One Lonely Smoker said:


> It also shows how the dreaded fugazi thread has two equal sides, both of which have desparate situations going on, both sides of which can attract equal and reasonable support.


Well you know I didn't get into anything except the civil disobedience/follow laws aspect of your post.

I agree completely with the last comments regarding reputation. The only thing I would add is that people have a set of unwritten rules regarding these types of cigars and trades/sales. They don't include bombs ... I send somebody a fake Cuban in a bomb and its found to be fake .. so what, you got a free cigar - shut up.

Sales & trades are a different matter, there is an unwritten honor among thieves, so to speak, which says you're responsible for what you pass on. When I used to smoke pot if somebody sold you crappy weed they'd be told about it. Sometimes you got something back ... more often than not you didn't. Cubans kinda remind me of weed like that. I kinda wish I hadn't stopped smoking weed when Reagan was president sometimes ... seems less drama than cigars.

There should be some middle ground in this case where cigars are unavailable. 50 cents on the dollar over 4 months? 80 cents over 12 months? 25% up front? Cigars not money? Beer? 100%? I'll wash your car for life? I don't know, that isn't up to me. George has diligently paid people who returned cigars as best he can. Nobody wants a pound of flesh. I think there should have been more communication here. Christ, I sound like a woman.


----------



## dadof3illinois

mr.c said:


> Ring gauge means didly squat. Neither does post count.
> 
> What ever happened to time and legwork?


 :tpd:

I agree. We've got so many people with only a few months in CS with a ton of posts and more RG than most of the FOG's.

Post count and RG isn't a gauge of character, it only tells you how active a person is on the board not how much he or she knows about cigars.

You should spend time getting to know a person before buying or splitting cigars or anything for that matter with someone you've never met in person.

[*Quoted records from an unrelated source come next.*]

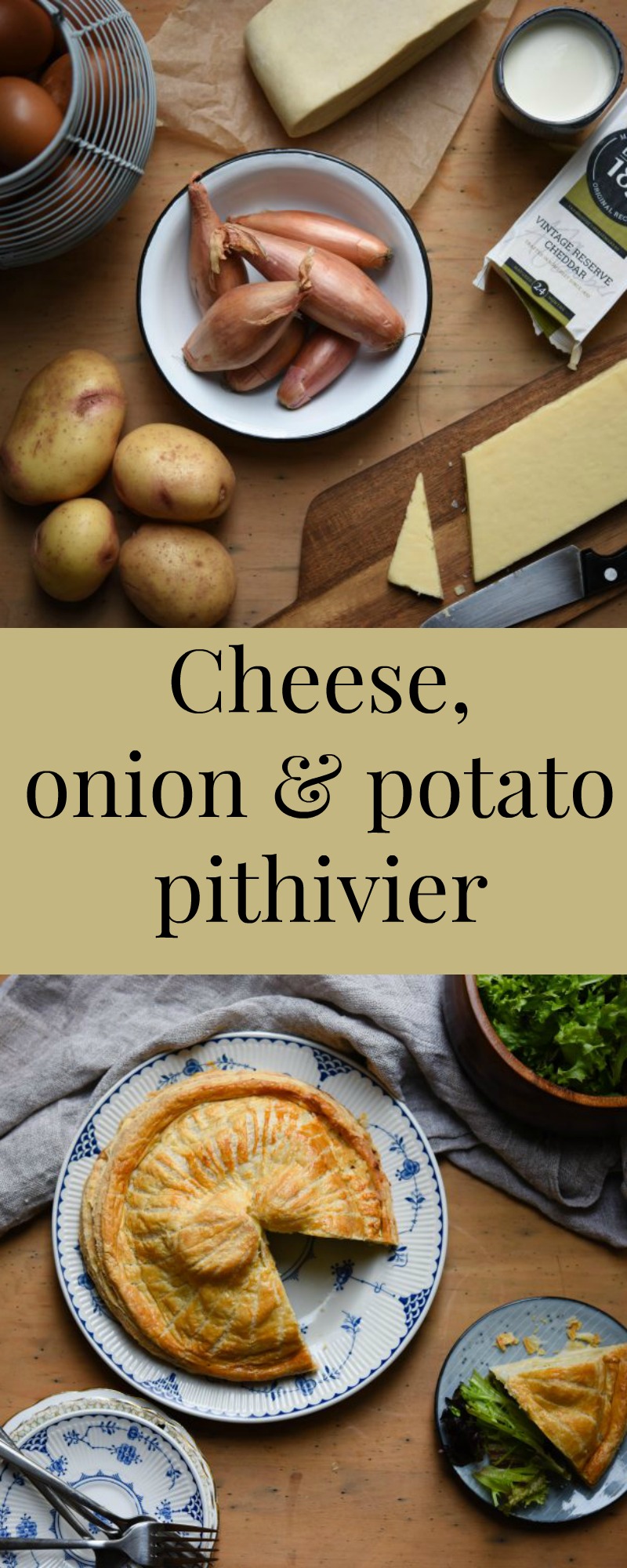 This cheese, onion & potato pithivier is really easy to make and its great hot or cold, because the layers of potato and the cheese are quite dense this slices really well when it’s cold and would be great for picnics or to pack in a lunch box.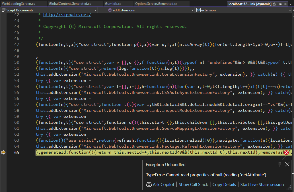 If you do encounter this problem, you can press F5 or continue execution and the game will run normally. This exception will not cause any problems for deployed games.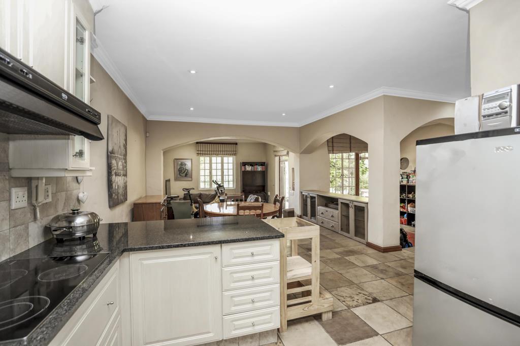 The kitchen is fitted with sleek cabinetry, black granite countertops, a double oven, and a convenient eat-on counter.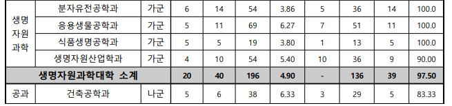 동아대학교는 가, 나, 다군 모두에서 학생을 모집하고 있습니다. 아래는 작년 모집 군입니다.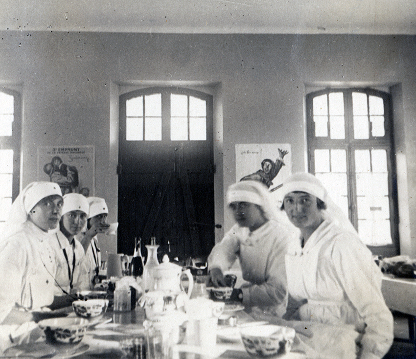 Item is a photograph of a group of nurses, including Mlle. Brolemann, Edith Parkman, and Helen Homans in the hospital in Pontoise, France.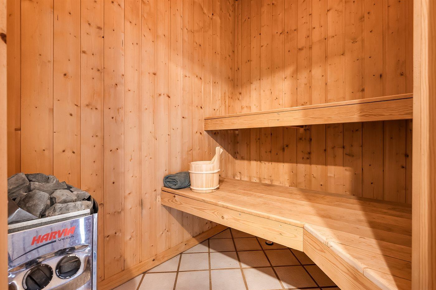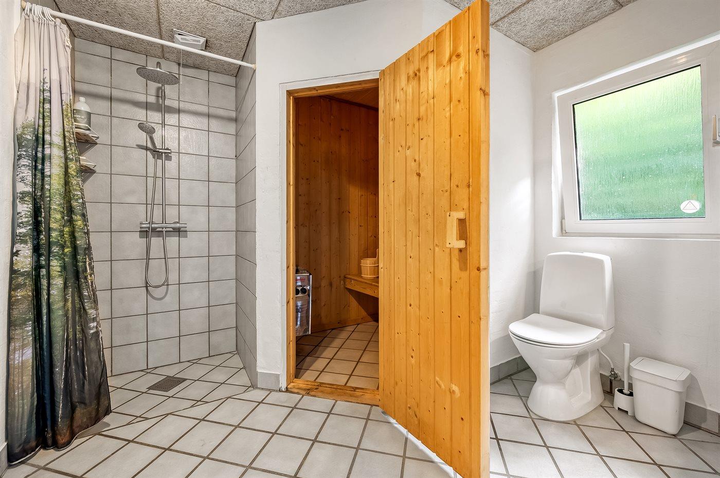 Der er 2 badeværelser med bruser og 2 toiletter. Der er gulvvarme på 1 badeværelse. I saunaen er der mulighed for afslapning.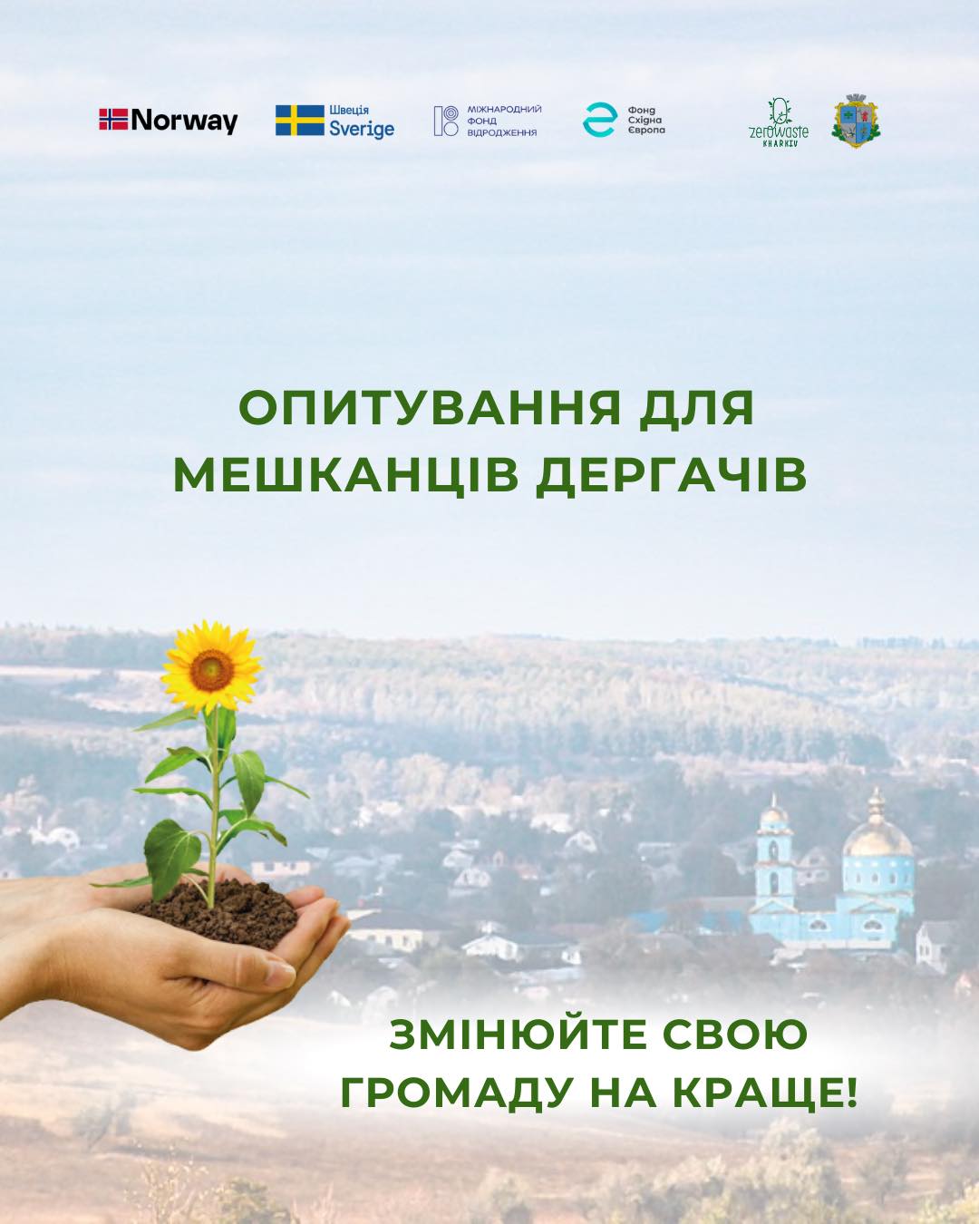 ℹ️ Проєкт впроваджується ГО «Нуль відходів Харків» у партнерстві з Дергачівською міською радою, КП «Дергачіекоресурс» та активною участю мешканців громади в межах програми «Імпульс», яку реалізовує Міжнародний фонд «Відродження» разом із Фондом Східна Європа за підтримки Норвегії (Norad) та Швеції (Sida).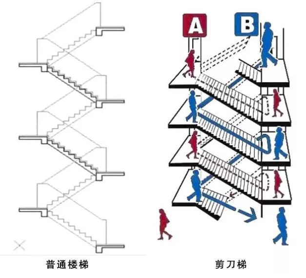 以上说的都是硬件上的准备,万一发生火灾的极端情况,如果自己控制不住火势,能逃赶紧逃,所以首先要熟悉逃生通道。根据《高层民用建筑设计防火规范》的规定,超过 18 层,每个单元设有一座通向屋顶的疏散楼梯,而且 18 层以上部分每层相邻单元楼梯通过阳台或凹廊连通。我们这栋楼总高 28 层,但的确是没有令很多人不爽的消防连廊的。因为它设计使用的是「剪刀梯」,下面示意图可以看出普通楼梯和剪刀梯的设计不同。剪刀梯有 A、B两套楼梯,而且这两套楼梯是物理隔绝的。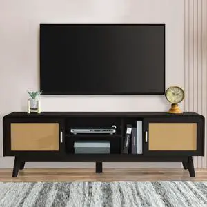 63'' Dark Rattan TV Stand with 2 Storage Cabinets for 65 Inch TV, Entertainment Center with Solid Wood Legs, Media Console Table for Living Room, Bedroom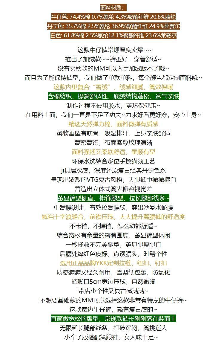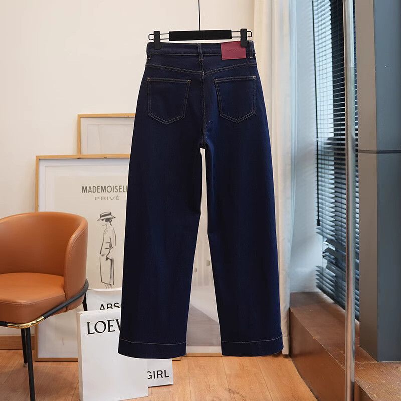 폴 스텝 폴 품질 슬림 다리 스트레이트 코튼 탄성 느슨한 넓은 다리 높은 허리 양털 캐주얼 데님 나니/긴 바지 여성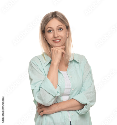adult, age, appearance, attractive, background, beautiful, casual attire, caucasian, cheerful, clothes, confident, face, fashion, female, hair, happy, healthy, isolated, lady, leisure, lifestyle, middle, model, natural, 1, person, portrait, positive, shirt, simple, smile, smiling, studio, style, stylish, success, trend, trendy, white, woman
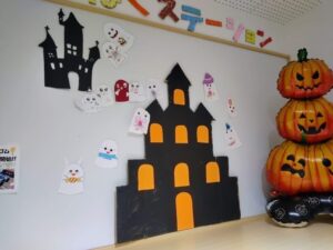 いつもと違う雰囲気の部屋に「すごい!」「おばけがいる~!」「クモの巣!」とじっくり見て、わくわくなわんぱくっ子たちでした!
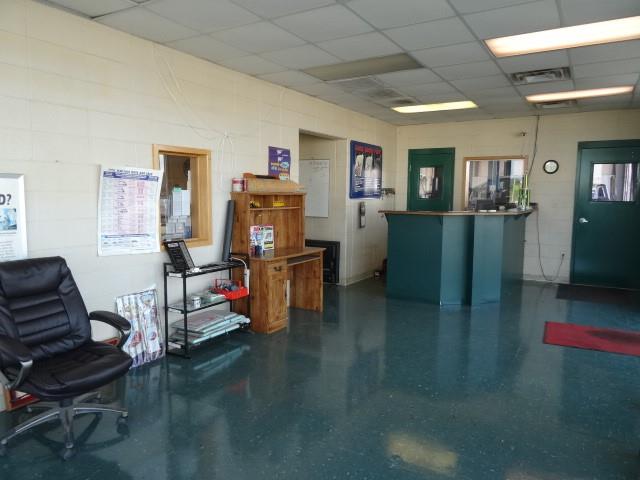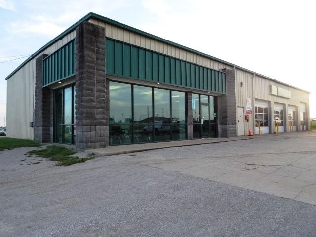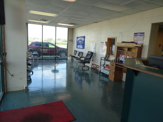 Full Operating Auto Repair Shop 1/2 City Block. Butler Bld all steel/Conklin Co white reflected roof. (6) 12' roll up doors, (2) 14' roll up doors, 3 phase power, 10x19 office space, 15x34 Show Room, (6) Lifts, (2) 12,000 lb. lifts, (2) 14,000 lb. lifts. Open front Alignment Machine & Rack. 1000 Gallon Buried Containment Tank drain in floor--separates oil & antifreeze. 24x40 Storage Rm. 50x105 Shop, 175 lbs. of constant air pressure from 2 tanks. Oil Changes, Breaks, Shocks, Struts, Tune-ups, Air Conditioning, Alignment. Winter Gas Furnace, Electric Air, Close to I 49. Located with easy access to highway. Full service/tire repair & purchase. Mechanic on duty, South & North Doors for great summer ventilation. Concrete parking, Storage loft, 2 bathrooms. 26' Inside clearance. Customer Service & Courtesy is #1
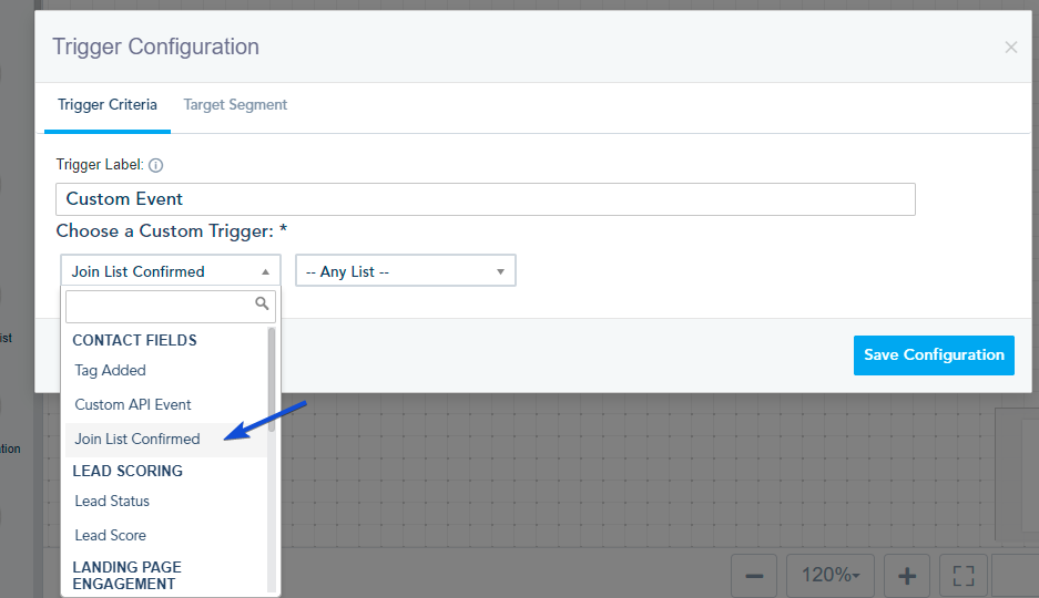 In your trigger configuration, choose the Join List Confirmed trigger and the list you want to check for confirmation.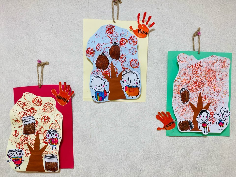 落ち葉やどんぐり、まつぼっくり等を拾って幼稚園に持って来てくれるお友だちもいます♪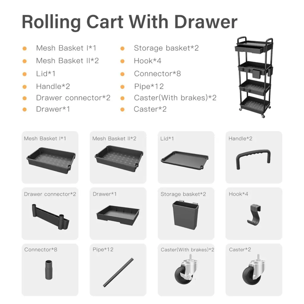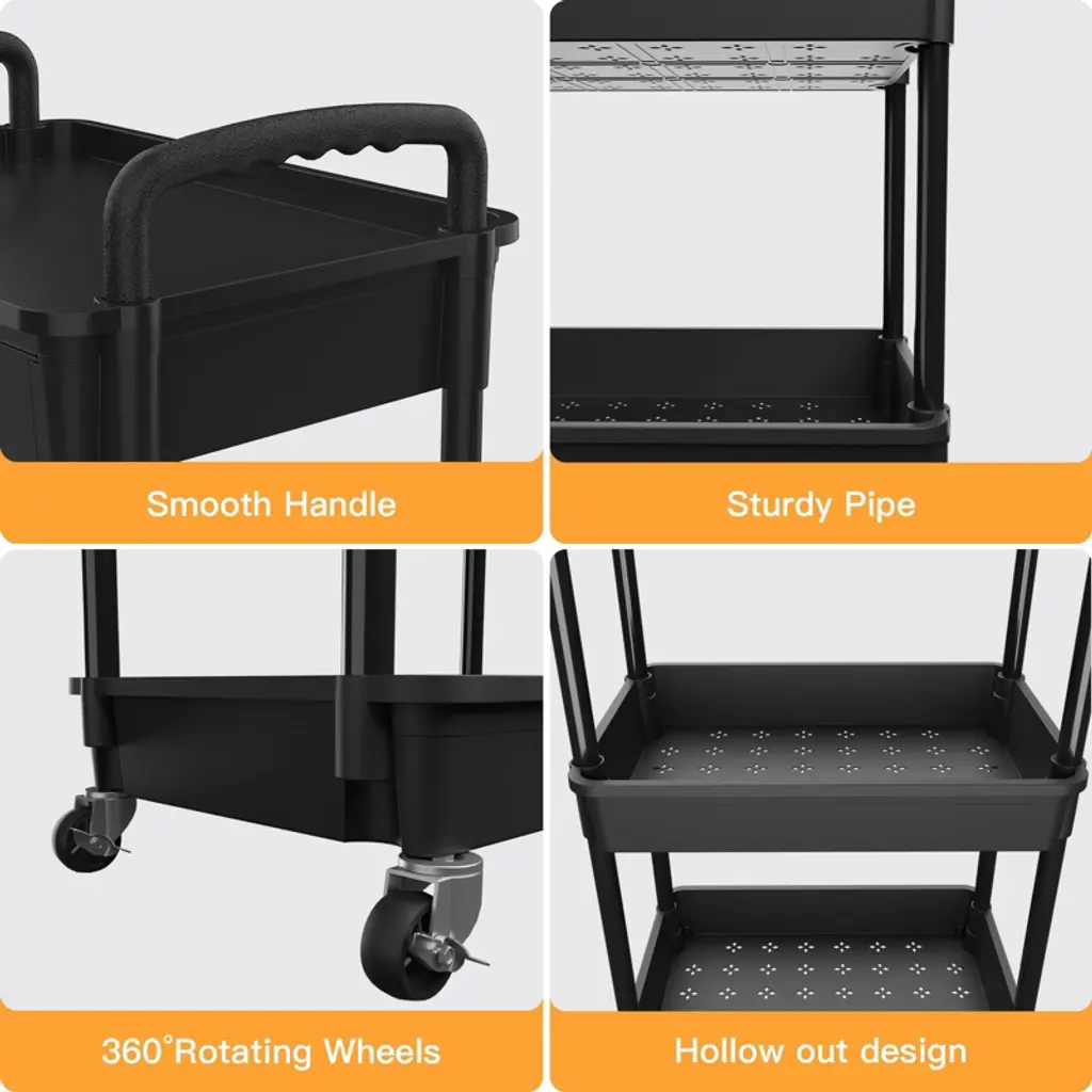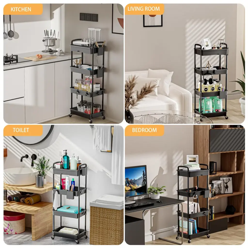 storage shelves Save space and declutter any room with this storage cart with ample shelf space to hold household items or office supplies.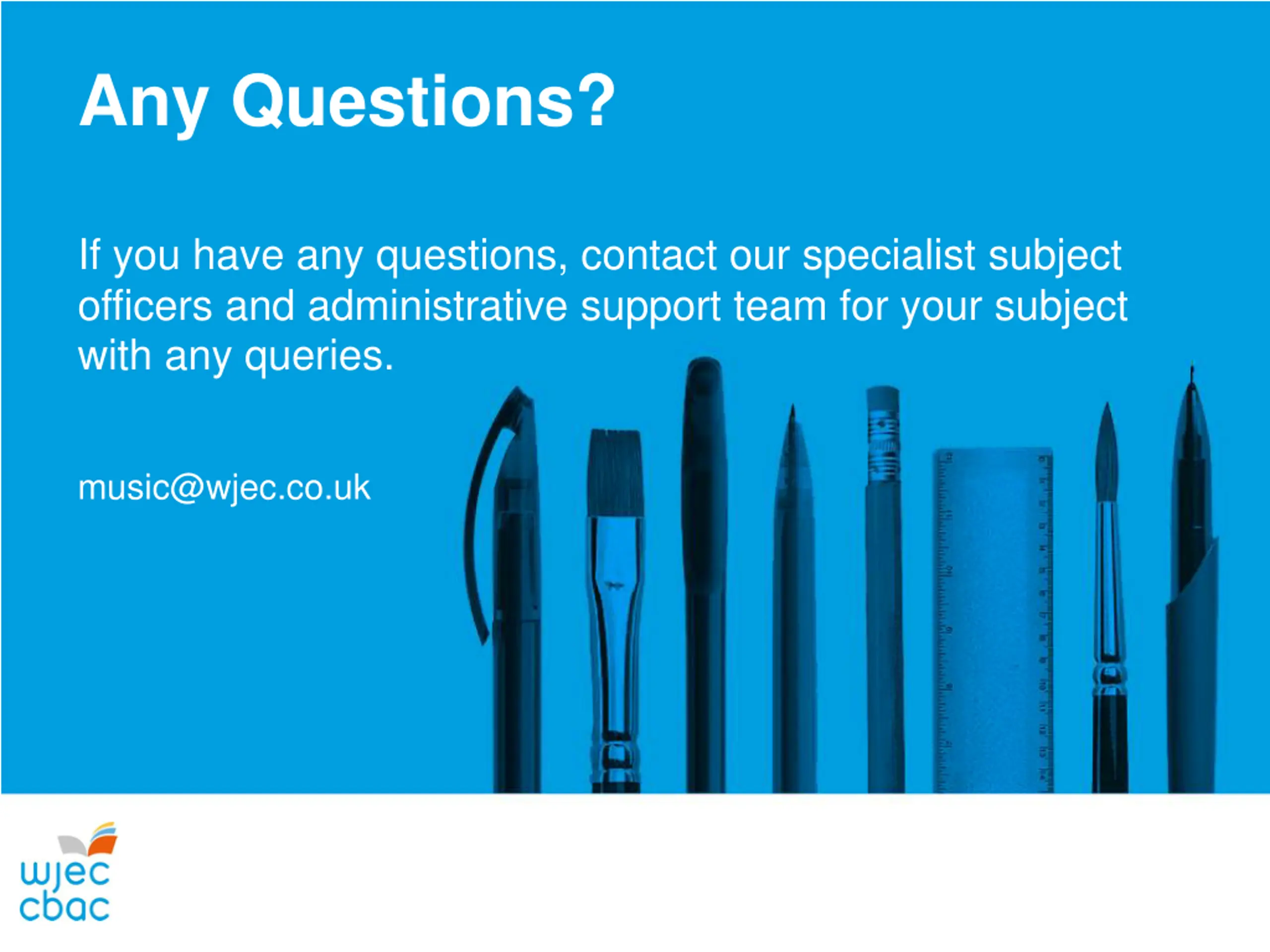 Any Questions? If you have any questions, contact our specialist subject officers and administrative support team for your subject with any queries. music@wjec.co.uk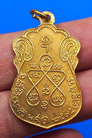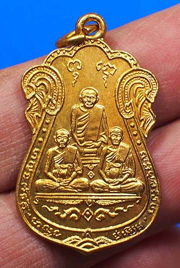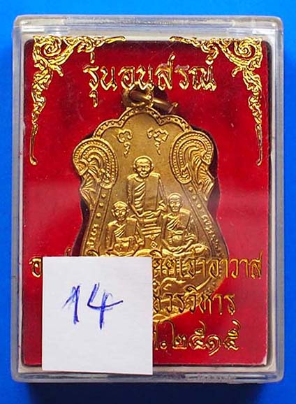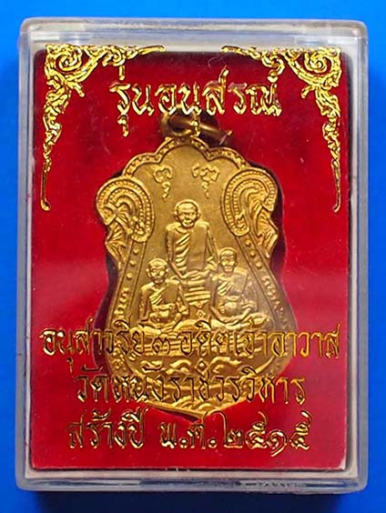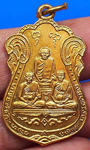 เหรียญหลวงปู่เอี่ยม วัดหนัง พิมพ์สามพระอาจารย์ หลังยันต์ห้า เนื้อทองแดงกะหลั่ยทอง ปี 2515 จ.กรุงเทพ พร้อมกล่องเดิม(14)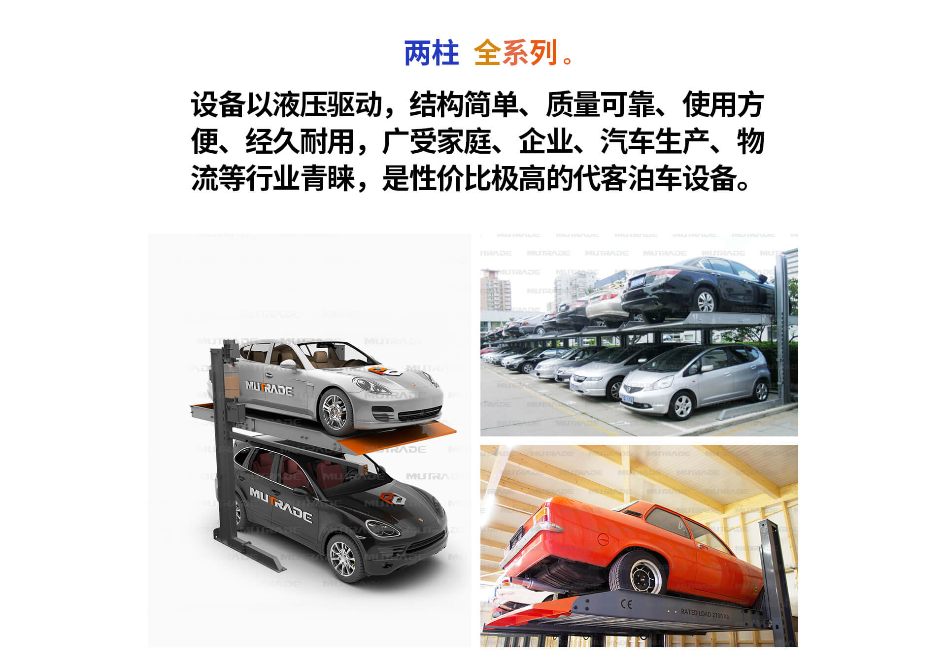 兩柱系列 HP1123 和 1127 是由我司研發(fā)生產(chǎn)的簡(jiǎn)易類立體停車設(shè)備。 該設(shè)備在過去 10 年中行銷全球 90 多個(gè)國(guó)家,累計(jì)銷售 30000 余臺(tái)。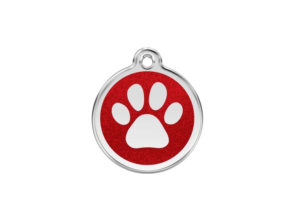 Red Dingo známka – Paw Print Glitter Red – Tlapka červená třpytivá velikost známky M - 30 mm

I know this whole situation has made me rethink the way I'll do splits in the future. If I can't afford to be out the amount of money I'm paying for the cigars then I shouldn't be buying them in the first place.

Just my :2


----------



## DrStrangelove

Not that I entirely disagree with you but...



SeanGAR said:


> There are so many stupid laws that violate my right to privacy that I feel that it is my constitutional duty to ignore them. Smoking Cuban cigars is one of these stupid laws.


I don't think that not being able to smoke Cuban cigars is an issue related to a 'constitutional right to privacy'. Whether or not a constitutional right to privacy exists is another matter (and a hotly debated one), but a trade embargo is a law that governs markets. I think the repercussions of a trade embargo on our lives has nothing to do with a 'constitutional right to privacy'.

I just don't think that laws restricting trade between nations are at all comparable to laws restricting sex, driving, and who can stay out after dark...that's all.

:w


----------



## SeanGAR

DrStrangelove said:


> I think the repercussions of a trade embargo on our lives has nothing to do with a 'constitutional right to privacy'.


Not everything boils down to privacy, sorry if I left the impression I thought that.

Why does the trade embargo exist? For perhaps good reasons in the early 60s with nukes being sent to Cuba, although the president made damned sure he got his havanas before be signed the embargo. Self-serving bullshit politicians screwing the people ... nothing new there, move along folks. Actually I would have supported the embargo initially. Once the Russians backed down there I would not have supported an embargo anymore.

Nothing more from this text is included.